Badan Gizi Nasional Pimpin Daftar Penerima Anggaran Terbesar 2026
JAMBISNIS.COM – Pemerintah menetapkan alokasi anggaran bagi seluruh kementerian dan lembaga negara dalam Anggaran Pendapatan dan Belanja Negara (APBN) 2026. Ketentuan tersebut tertuang dalam Undang-Undang Nomor 17 Tahun 2025 tentang APBN Tahun Anggaran 2026, yang berlaku sejak 1 Januari 2026.
Dari total belanja pemerintah pusat sebesar Rp 3.149,47 triliun, terdapat 10 kementerian dan lembaga yang memperoleh porsi anggaran terbesar. Alokasi tersebut belum termasuk dana dalam Bagian Anggaran Bendahara Umum Negara (BA BUN) senilai Rp 1.639,18 triliun.
Badan Gizi Nasional menempati posisi teratas dengan alokasi anggaran mencapai Rp 268 triliun. Besarnya anggaran ini berkaitan dengan penguatan program pemenuhan gizi nasional yang menjadi salah satu prioritas pemerintahan Presiden Prabowo Subianto.
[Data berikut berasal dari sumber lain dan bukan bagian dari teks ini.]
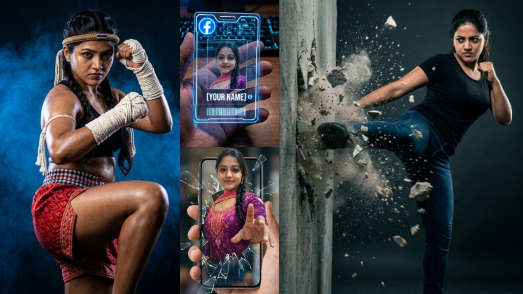 The Futuristic Facebook Acrylic ID Card and Breaking Through Smartphone Screen prompts are the best for viral-style edits.
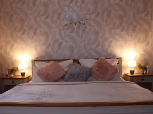 Die Ferienwohnung ist so eingerichtet, dass Sie sich sofort wohlfühlen können: Zwei Schlafzimmer mit Doppelbett, ein Wohnzimmer mit großem Sofa und Fernseher, eine Essecke, eine vollausgestattete Küche und ein kleines Bad mit Dusche und WC auf halber Treppe, einen Garten und Parkplatz direkt vor dem Haus. Außerdem gibt es kostenloses WLAN, Gartenmöbel und einen Grill. Vom Garten aus haben Sie einen wunderschönen Blick auf die Berge.Es gibt zwei Schlafzimmer in unserer Wohnung, die mit sehr viel Liebe renoviert und eingerichtet wurden. In jedem dieser Zimmer befindet sich ein kuschliges Doppelbett, Schränke für die Kleidung und Gute Nacht Lektüre.
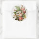 Jolie photo vintage de fleurs aux couleurs roses assorties est présentée sur cet autocollant rond. Utilisez pour cet envoi spécial, la réservation de ferraille ou la décoration pour Spring!
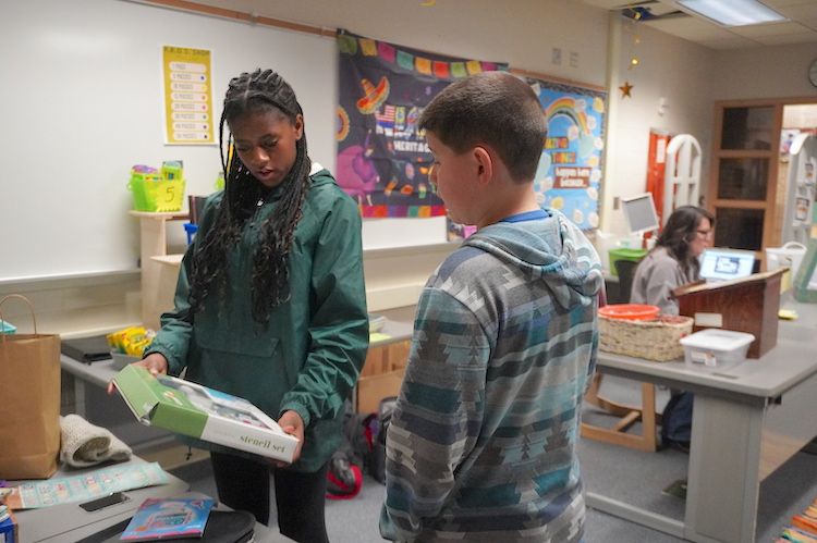 Calvin’s search for a Christmas present is one of the reasons social worker Mandy Bernal-Hill and special education teacher Casey Getter worked to open the school store this year.
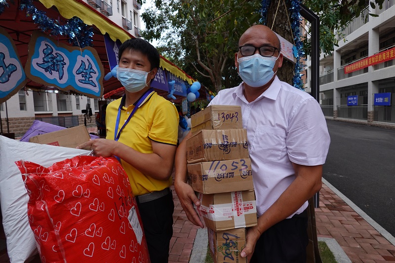 為方便新生,校方協調安排了兩輛大巴車到陽江高鐵站出口接送學生。校內也安排了四輛公車,新生一進校門口就將其送至學生公寓樓下的各學院報到登記點。
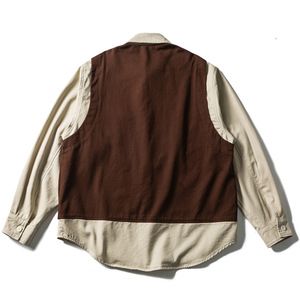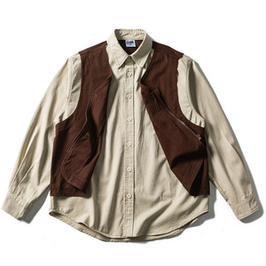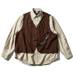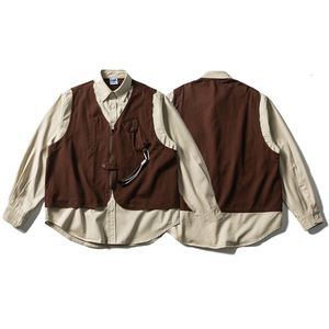日系复古阿美咔叽水洗假两件马甲拼接工装衬衫男女宽松长袖衬衣潮
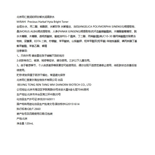 同仁堂 水润焕亮护肤套装
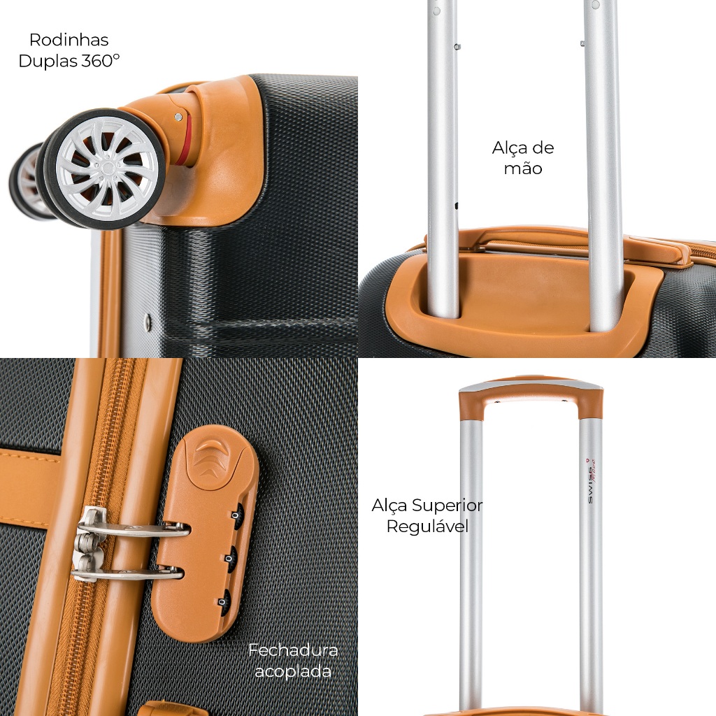 Ao viajar levamos conosco a nossa expectativa e a nossa bagagem. Para uma viagem de curta o ideal é levar uma mala pequena, pois esse tamanho acomoda bem itens essenciais para poucos dias. Se você estiver buscando por mala de viagem pequena que pode ir a bordo, compre a Mala de viagem pequena de bordo da linha Bruges da Swiss Move. Esse modelo é ideal para você, pois atende as medidas exigidas pela ANAC- Agência Nacional de Aviação Civil. Além dessa característica, a mala de viagem P é produzida em ABS, ou seja, é mais resistente a impactos, durável e impermeável. Outro fator interessa nessa mala de viagem pequena são as 4 rodas duplas que giram em 360 reduzindo o esforço de carregar a bagagem. Já no interior a mala de viagem Bruges possui bolso com zíper para comportar sapatos ou cosméticos e cinto elástico cruzado para conter e organizar as peças. Além disso, contém alça superior para facilitar o transporte em mão e possui carrinho embutido em alumínio. Por fim, para segurança do usuário a mala de viagem pequena contém um cadeado fixo com segredo.
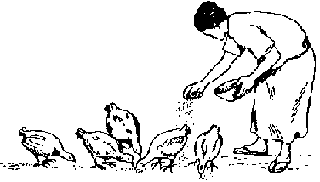 Starter ration for the first 7 weeks. Grower ration for the 7th-20th week. Layer ration for 20-week-old layers.
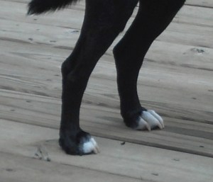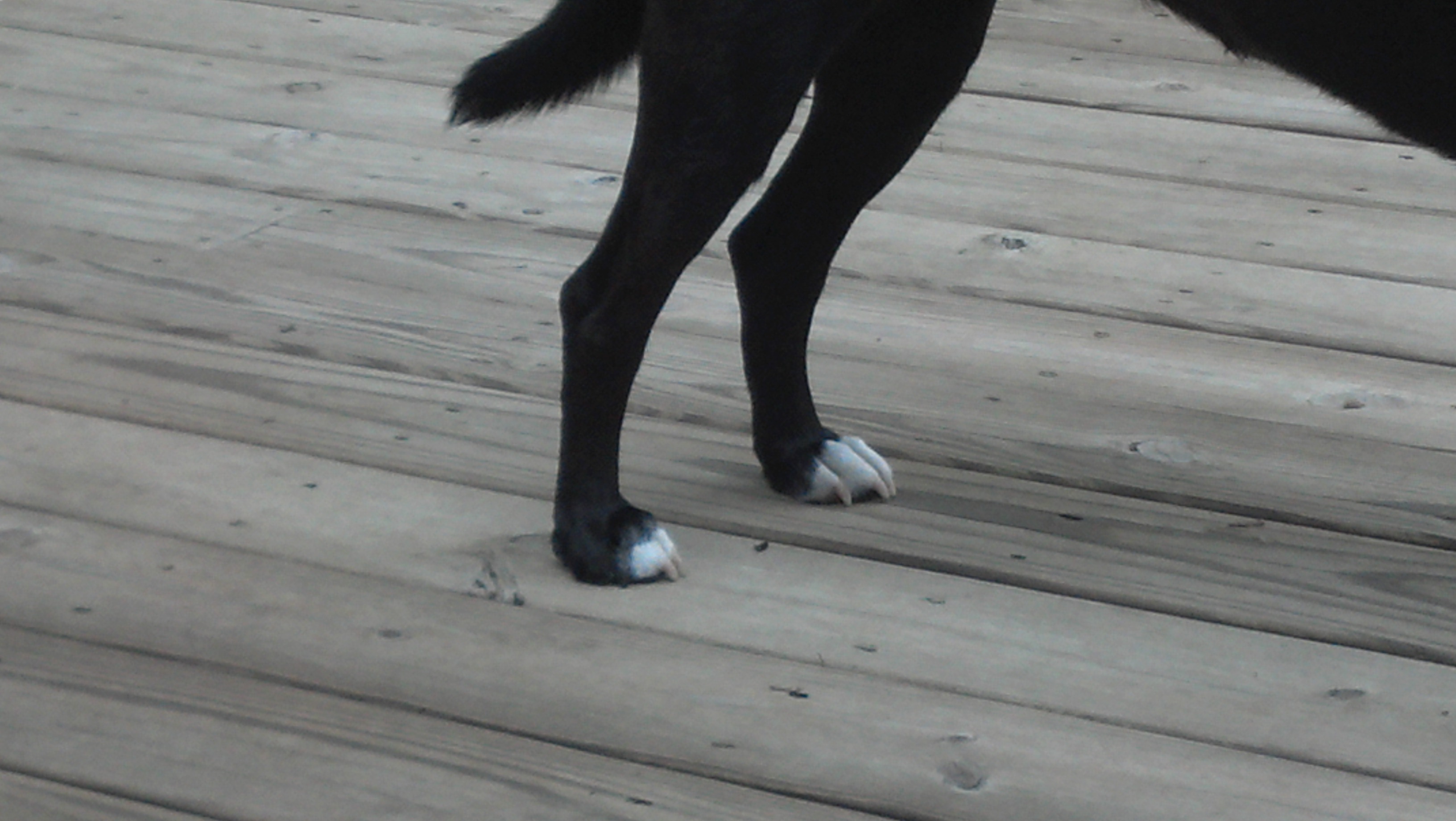 Louise’s back toes are all white on the left and mostly white on the right. She has what we call here at the zoo: “Milky Toes.” I am not exactly sure where the name came from, I only know that K8 has a stuffed dog toy ever since she was a little girl that she named “Milky-Toe.” No one knows, or remembers, why. We thought about naming Louise that when we first adopted her, but the name ‘Louise’ just seemed to fit her so well, so we kept it. (Note: They also wanted to name her ‘Harlo,’ which would really not have fit now that I know her.)

Di posisi berikutnya, Kementerian Pertahanan memperoleh anggaran sebesar Rp 187,10 triliun, disusul Kepolisian Republik Indonesia (Polri) sebesar Rp 146,05 triliun. Anggaran besar juga dialokasikan untuk sektor infrastruktur dan layanan dasar, seperti Kementerian Pekerjaan Umum dengan Rp 118,50 triliun dan Kementerian Kesehatan sebesar Rp 114 triliun.
Sementara itu, sektor keagamaan dan perlindungan sosial tetap mendapat porsi signifikan. Kementerian Agama memperoleh anggaran Rp 88,89 triliun, sedangkan Kementerian Sosial mendapatkan Rp 84,44 triliun.
Di bidang pendidikan, anggaran tersebar ke dua kementerian, yakni Kementerian Pendidikan Tinggi, Sains, dan Teknologi sebesar Rp 61,87 triliun serta Kementerian Pendidikan Dasar dan Menengah sebesar Rp 56,68 triliun. Adapun Kementerian Keuangan memperoleh anggaran Rp 52,01 triliun.
Pemerintah menyatakan, alokasi anggaran dalam APBN 2026 diarahkan untuk memperkuat ketahanan nasional, meningkatkan kualitas sumber daya manusia, serta menjaga stabilitas ekonomi dan sosial di tengah tantangan global.